Has some a idea whats happening?

Cheers, DivineThreepwood

DivineThreepwood commented 8 years ago

Hey Chris,

any Idea what's going wrong?

Cheers, Divine

cdjackson commented 8 years ago

Not really. This sort of error is a very low level comms error between the binding and the stick. I’ve normally only seen it when there’s some strange timing going on - maybe you’re using a slow computer, or a VM or something? (you don’t mention the hardware or environment). It normally happens if there are bytes being dropped occasionally between the stick and the binding...

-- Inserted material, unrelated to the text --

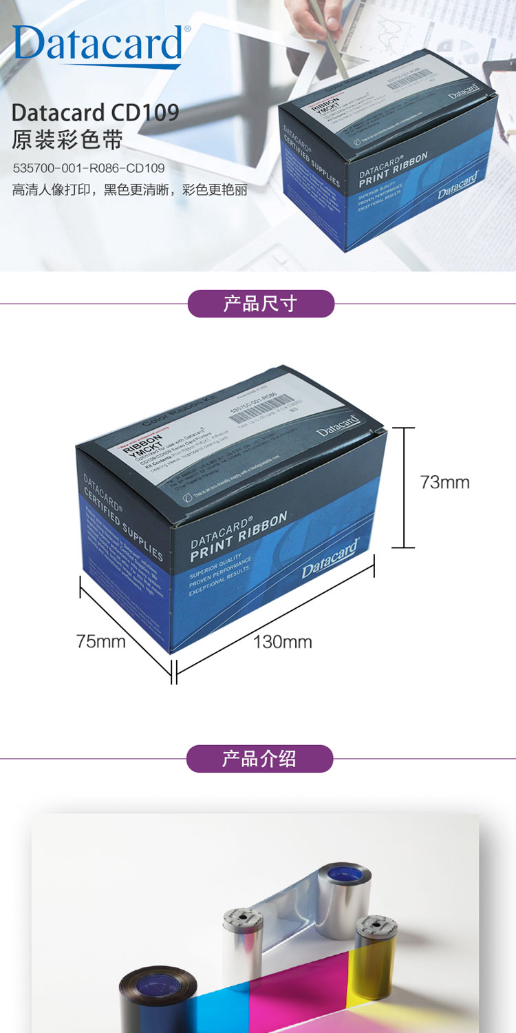 • 商品名称:Datacard CD109 可擦写 打印机CD109彩色带 单面证卡打印机适用 黑蓝 (单位:个)

Unfortunately I don’t have any good ideas on how to fix it though.

DivineThreepwood commented 8 years ago

Hey that's a good hint!

I'am running OpenHAB in a vm with kvm. May there is an issue with the usb pass-through configuration. I will have a look at this end of the week.

Thanks!

jwveldhuis commented 8 years ago

Had the same error today, in my case it was caused by a mixup of USB devices at restart. /dev/ttyUSB0 used to be the AEON stick, but at restart it became /dev/ttyUSB1.

/dev/ttyUSB0 was connected to a USB to serial device (connected to my Smart Energy meter), so it did some non-Zwave serial communication causing these very strange errors.

It could be the case you encountered the same.

DivineThreepwood commented 8 years ago

So it really seems to be a virtual machine issue. After moving my distribution to the host machine, the error does not occur again.

@jwveldhuis Thanks for your hint but on the one hand the zwave stick is the only usb device which is connected to server and on the other openhab is linked to /dev/zwave which is aliased to the stick to avoid your issue (just checkout https://github.com/openhab/openhab/wiki/symlinks).

Chris do you have some more experiences in running openhab in a virtual maschine with a zwave stick pass-through? Or do you know some related issues?

Cheers! Marian

jwveldhuis commented 8 years ago

@DivineThreepwood yes you are right, an incorrect USB device cant be the issue here as it happens over time. I did not properly read the problem description, sorry about that. Symlinking was the solution for me indeed, thanks for pointing that out.

cdjackson commented 8 years ago

Sorry - I didn't see the question there for me... No - I don't have any experience with running this in a VM - sorry.

I suggest to close this and continue the discussion if necessary on the forum.